Six soldiers in silhoutteI’ve been off of active duty for about 15 years, but I still get 6-8 email or phone contacts per year from someone recruiting veterans. Being broadly experienced both professionally and militarily — I was in the Navy, Army, and the Army National Guard — I’m always interested to see what has brought someone to my (electronic) door. Some of them must certainly be scams or such, but others come from legitimate — I check — companies that do have jobs posted that I might be interested in. Regardless, the discussion is always the same, where the recruiter identifies all of the wonderful things they are looking for from my veteran experience — sometimes targeting very specific technical or leadership experience in my history — but things end when they find out that I’ve done a lot and have become far more qualified and experienced over the years. Sometimes, I think, I can almost hear their heads pop when I start filling in the rest of the professional picture.

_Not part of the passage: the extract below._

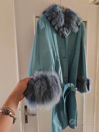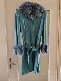 Bellissimo cappotto di pelle, color celeste, con maniche e collo in pelliccia, dal taglio sfiancato, ideale sia per outfit casual sia più eleganti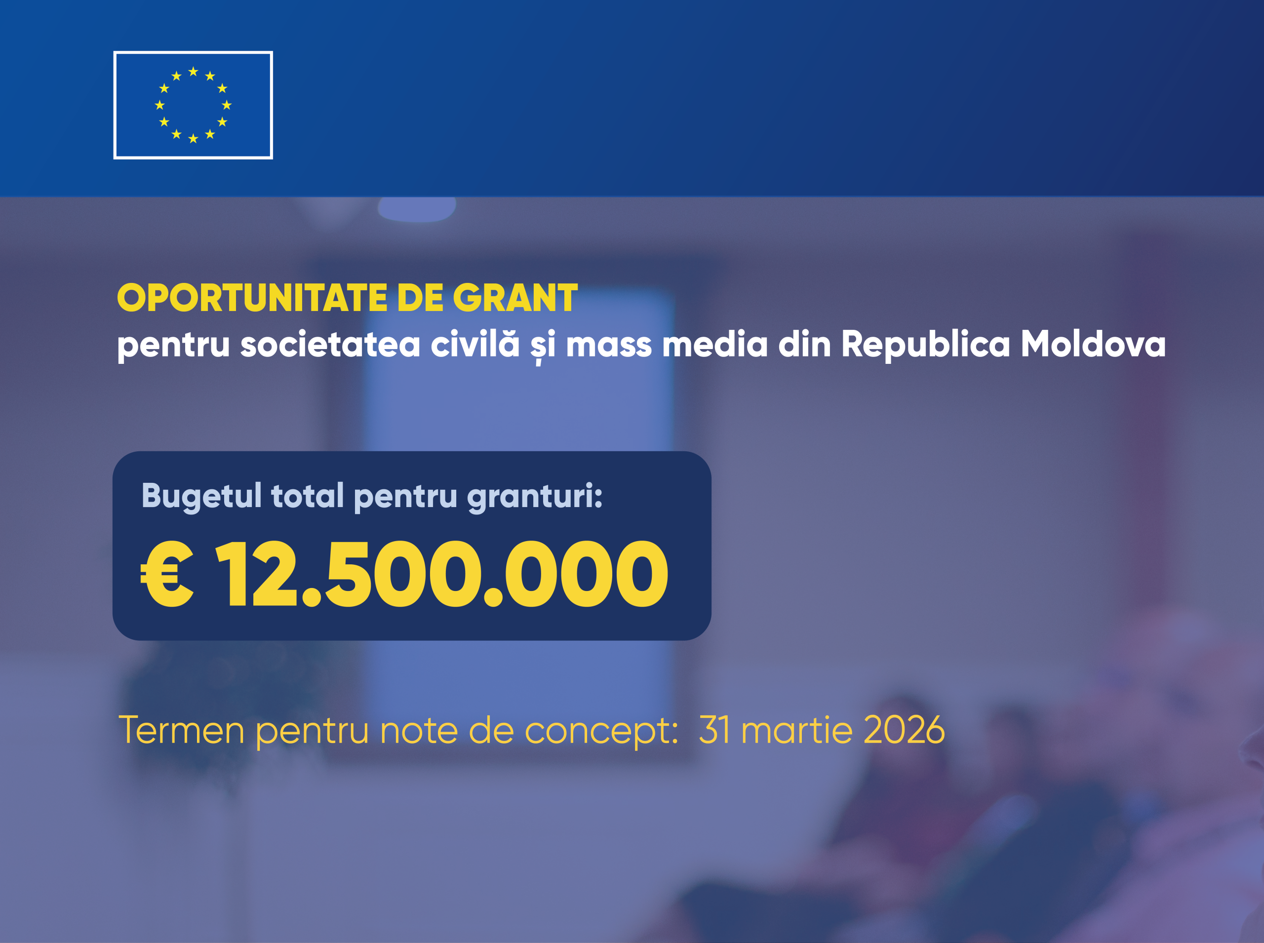 Основная цель конкурса заключается в укреплении потенциала организаций гражданского общества и независимых СМИ в Республике Молдова для эффективной поддержки и содействия процессу присоединения страны к ЕС. Мероприятие направлено на расширение возможности ОГО и СМИ играть активную и влиятельную роль в содействии открытому и конструктивному диалогу с представителями государственных органов, продвижении демократического управления и устойчивого развития, укреплении социальной сплоченности и повышении устойчивости сообществ к дезинформации.

It’s strange, really. The impression I get is generally that these recruiters are looking for people who got out of the military and haven’t done anything other than work as laborers or managers of a hotdog stands. Even when these conversations are are with people who tell me that they have looked at my LinkedIn profile, or who have a copy of my resume in front of them, I get the impression that it is beyond their ken that I might just have gone to college after the military and have done more than get some technical certifications over the last decade-and-a-half. Is that how blind people have become since 9/11, wherein we are in such a rush to hire veterans for the sake of hiring veterans that we’re only interested in those with nothing else but veteran status to work with?

Veteran status is, like all other traits, something else that is part of the whole person we are trying to hire, and its quality varies from person to person. Some are martinets, some are scruffy but efficient warriors, while still others barely got out ahead of a prison sentence. Whether or not someone is a veteran should only give you a point of reference to find out more, but should never really be viewed as the total a person does or can bring to the table — think about it as a piece of the puzzle, maybe even a corner piece, but it isn’t the whole picture.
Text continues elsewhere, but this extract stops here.